To that end, it’s interesting to see how each guest editor selects work and from where. For me, this has always been the real interest in the series. Take, for example, the disparate journals selected by Jorie Graham and Adrienne Rich; or then again by Robert Creeley and Lyn Hejinian. On the one hand, I think it is fully the responsibility of the guest editor to make broad, wide-reaching assertions about taste (truly this is what we consider their “poetics”) in making these selections. The variable nature of the anthology is, I think, its greatest strength.

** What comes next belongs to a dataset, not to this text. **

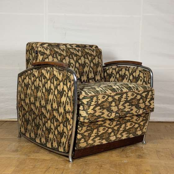 Sillón de diseño moderno de mediados de siglo del húngaro József Peresztegi. El sillón tiene una estructura tubular cromada con armazón de madera de pino y muelles. Se convierte fácilmente en una cama de 180 cm de largo. Fabricado en Hungría en la década de 1960. Esta pieza excepcional se encuentra en su estado original, con arañazos y desgaste en el armazón y señales de uso intenso en la tapicería. Necesita una reforma. Dimensiones: 80 cm de ancho x 100 cm de profundidad x 83 cm de alto. Altura del asiento: 44 cm. El sillón se encuentra en Budapest, Hungría. Ofrecemos entrega dentro de Europa. El precio mostrado es el precio de recogida. Para conocer los gastos de envío, contácteme.
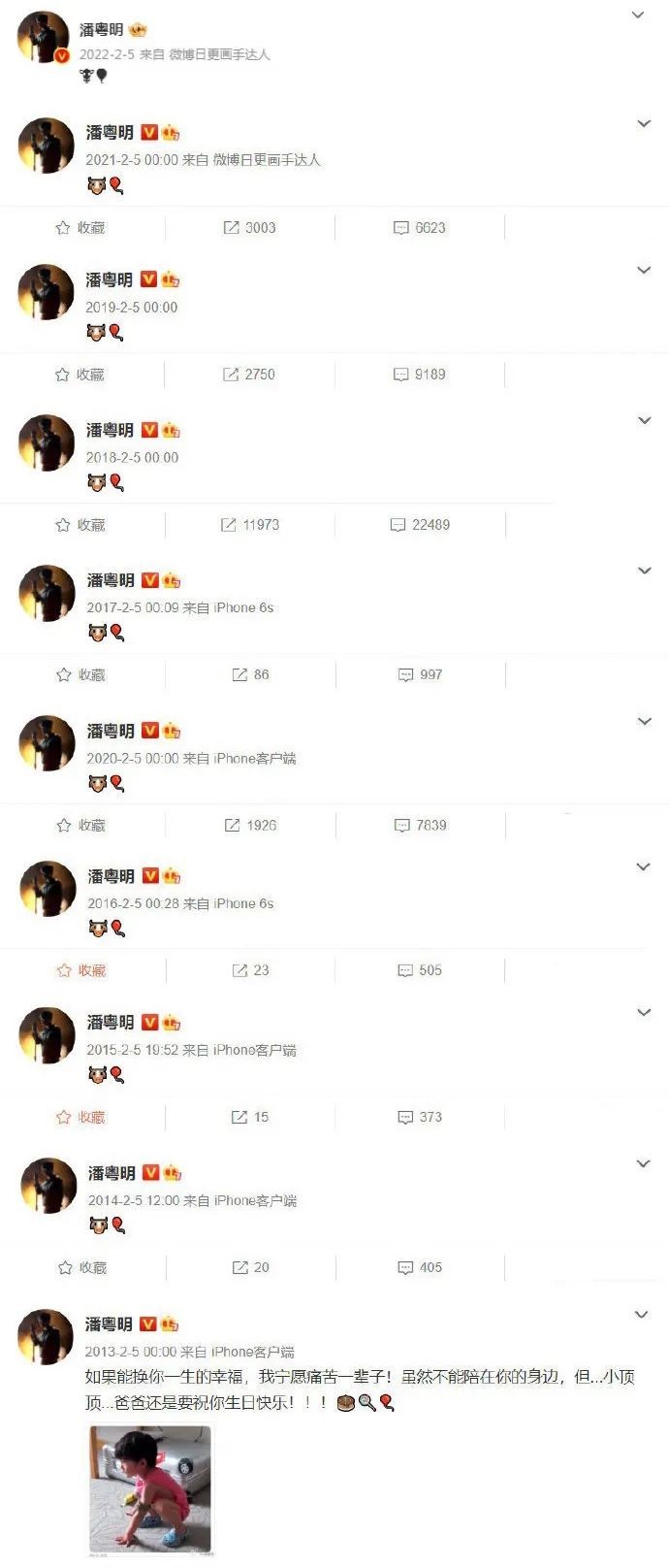 潘粤明掐点发微博为儿子顶顶庆祝生日,相比于往年落寞又无言的祝福,这次显然高调很多。

If the same sense of poetics were supported each and ever year, we’d say precisely the same poets writing precisely the same poems there. And to some extent, it has been noted, many poets do appear again and again. But let’s not forget the significance of the first-timers, the younger voices who have appeared in the anthology.

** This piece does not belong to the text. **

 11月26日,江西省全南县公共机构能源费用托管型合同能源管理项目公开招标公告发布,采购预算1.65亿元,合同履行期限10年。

And I want to say, for the record, that the BAP anthology once presented me with what was and continues to be one of my most-loved poems: Thomas Sayers Ellis’s “Atomic Bride.” And when I was just a fledgling little squirt in college, it directed me to a smattering of (living) poets I could read and learn from. There were few (obvious) resources like this for me then.
2. Cronyism
Cronyism is the other major concern, and maybe/maybe not with good reason. I like the word “cronyism”—I mean, the way it sounds—and I’d like even more to think that I do or could soon have my own little band of cronies. In fact, there are at least three people on my blogroll I’m going to hit up first when it comes time to amass the cronies. Hell, maybe my blogroll in its entirety is my band of cronies. Who can say—except someone outside the group.
And that’s really the function of cronyism. Like all communities, cronies are most succinctly defined by who they are not. Those outside the BAP circle are most aware of their outsideness, but this is true of any group. It wouldn’t be as wrong, I suppose, if the anthology were called A Few Good American Poems from the Past Year or Really, Some Newer Work You Should Have Read or Some Stuff We Liked.

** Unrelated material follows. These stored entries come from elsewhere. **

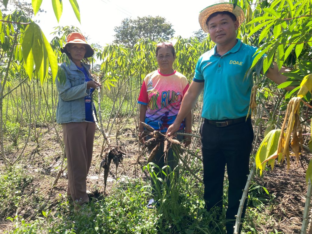 รักษาราชการแทนเกษตรอำเภอคำเขื่อนแก้ว มอบหมายให้ นางสาวณัฐธีรยา คณะบุตร นักวิชาการส่งเสริมการเกษตรชำนาญการ และ นายศอรทิน ทิศทะษะ นักวิชาการส่งเสริมการเกษตร ติดตามโครงการส่งเสริมการผลิตสินค้าเกษตรอินทรีย์ ปี 2568 (งบกลุ่มจังหวัด) กิจกรรมย่อยที่ 1.1 ส่งเสริมการผลิตข้าวหอมมะลิอินทรีย์รายใหม่ กลุ่มเกษตรอินทรีย์บ้านหนองตุกหลุก หมู่ 7 ตำบลนาแก และร่วมสำรวจพื้นที่ความเสียหายเบื้องต้นจากอุทกภัย (ด้านพืช) ณ แปลงปลูกมันสำปะหลัง หมู่ 7 ตำบลนาแก อำเภอคำเขื่อนแก้ว จังหวัดยโสธร
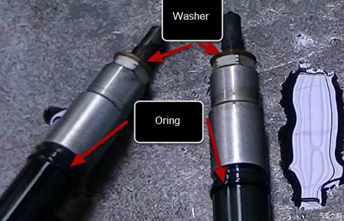 拆下来的老喷油嘴和新喷油嘴,可以仔细看第二根喷油嘴上有一个垫片,这是新款垫片是铝合金的,而老款有铜垫片的非常容易烧变形引起气缸燃气窜入上盖进而污染机油导致oil pick up我不知道中文是什么就是油泵下面那个滤网堵死,这样会导致润滑不良机油结焦严重的会活塞漏窟窿。
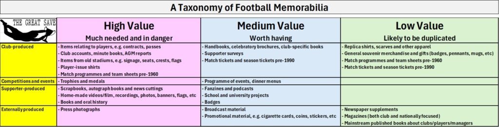 As a guide to items that we think are at risk and worth saving, we’ve created colourful version of our taxonomy…

Or, if there were more than one anthology series each year that had the breadth and weight of a BAP. Then all sorts of crony groups could put forward their agendas. And at least then, although we wouldn’t have solved the problem of cronyism, we would have created more opportunities for access to more poets writing a wider variety of poetry.
But what really impacts the definition of something being the “best” is the scarcity of other things that are as good. So if we were to flood the market with equally-good poems, all poems would become mediocre.
Friends, what we really need are some crappy poets putting out some crappy anthologies.
I don’t see cronyism as such a nefarious thing. Unfair? Probably. It’s a lot like life. You lose 95% of the time and the other 5% you’re just really fucking lucky.
3. Making People Feel Bad
Lastly, I’d just like to comment that while the overall discussion is interesting and potentially effective, I also get concerned that some people I really care about, who have been included in the anthology, are feeling bad. I don’t think it’s their “fault” they were selected but I think that when we question the ethics and effectiveness of the selection process, we’re also calling into question the quality of ALL the work selected.
And I don’t care if their poems are the best or not. I like them. And I like those people. And I’ll tell you, if there’s one thing I’ve learned about the poetry world, it’s that I’m a lot happier when good things happen to the good people I like rather than when good things happen to people who are assholes.